The general analysis of urine — without characteristic changes, at development of an amyloidosis of kidneys the proteinuria and a cylindruria are characteristic.
Research of a phlegm includes microscopy of smears and crops. At bronchiectasias the phlegm contains a large number of neutrophils, plentiful and various microflora. Most often find Haemophilus influenzae, Streptococcus pneumoniae and Pseudomonas aeraginosa, is more rare — Staphylococcus aureus, anaerobe bacterias, atypical bacteria and other microorganisms. Presence of Pseudomonas aeruginosa is so characteristic that sometimes it for the first time forces to suspect bronchiectasias.
X-ray analysis of lungs. The X-ray analysis of a thorax is carried out surely, but its results are not specific. At easily proceeding bronchiectasias radiological changes can be absent in general. On the contrary, saccular bronchiectasias are well visible on the roentgenogram in the form of cavities, is frequent with the horizontal level of liquid. However it is hard to distinguish them from the cellular lung forming in the outcome of intersticial diseases of lungs, and violent emphysema. Expanded bronchial tubes with a reinforced wall look as double linear shadows (a symptom of "tram rails"), and those which are visible in cross-section — as ring-shaped shadows. If bronchial tubes are muciferous or a phlegm, they are visible as the wide polosovidny or branching shadows. Because of the lowered lightness of adjacent pulmonary fabric and atelectases the affected bronchial tubes often are located in parallel and closely to each other.
Bronchography. Best of all bronchiectasias are visible at a bronchography. This research is conducted after introduction to bronchial tubes through a catheter or the bronchoscope of iodinated fat-soluble radiopaque substances.
Kompyuterny tomography. Seychasbronkhografiya was almost completely forced out by KT Emergence of KT with high resolution increased sensitivity of noninvasive diagnosis of bronchiectasias as this method allows to receive cuts 1,0 — 1,5 mm thick.
Further inspection is sent to search for the reasons of bronchiectasias.
At limited defeat carry out a bronkhoskopiya by means of which it is easy to exclude obstruction of a bronchial tube. In certain cases defeat localization matters, for example, bronchiectasias of an upper share are characteristic of tuberculosis and an allergic bronchopulmonary aspergillosis.
At suspicion on an allergic bronchopulmonary aspergillosis (a combination of bronchial asthma and bronchiectasias of large bronchial tubes) skin tests, serological researches and crops of a phlegm on Aspergillus spp are shown.
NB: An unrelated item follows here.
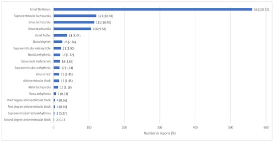 Regarding the reported arrhythmias, 561 (50.72%) were atrial fibrillation, 121 (10.94%) supraventricular tachycardia, 115 (10.40%) sinus tachycardia, 106 (9.58%) sinus bradycardia, 38 (3.44%) atrial flutter, 25 (2.26%) nodal rhythm, 21 (1.90%) supraventricular extrasystole, 19 (1.72%) nodal arrhythmia, 18 (1.63%) sinus dysfunction, 17 (1.54%) supraventricular arrhythmia, 16 (1.45%) AV block, 16 (1.45%) sinus arrest, 13 (1.18%) atrial tachycardia, 7 (0.63%) sinus arrhythmia, 4 (0.36) third degree AV block, 4 (0.36) first degree AV block, 3 (0.27) supraventricular tachyarrhythmia and 2 (0.18) second degree AV block, as shown in Figure 3 (detailed information is given in Supplementary Table S2).

Research of function of external respiration allows to reveal type of ventilating disturbances which appear at widespread process or at the accompanying obstructive pulmonary disease. Quite often at patients with bronchiectasias reveal reversible obstruction of bronchial tubes.
At widespread defeat measure chlorine level in sweat (for a mucoviscidosis exception), carry out quantitative definition of immunoglobulins, investigate structure and mobility of spermatozoa and nasal or bronchial cilia for an exception of primary tsiliarny dyskinesia.
Directed by the diagnosis of a bronchoectatic disease the following signs are important:
• instructions in the anamnesis on long (usually from early children's age) constant cough with department of a purulent phlegm in a large number;
• communication of the beginning of a disease with the postponed pneumonia or an acute respiratory infection;
• frequent flashes of inflammatory process (pneumonia) of the same localization;
• with firmness the remaining center of wet rattles (or several centers) during remission of a disease;
• existence of a thickening of trailer phalanxes of fingers of brushes in the form of "drum sticks" and nails in the form of "hour glasses";
• rough deformation of pulmonary drawing most often in the field of the lower segments or an average share of the right lung (at a X-ray analysis of lungs);
• identification at a bronchiectasia bronchography in the struck department.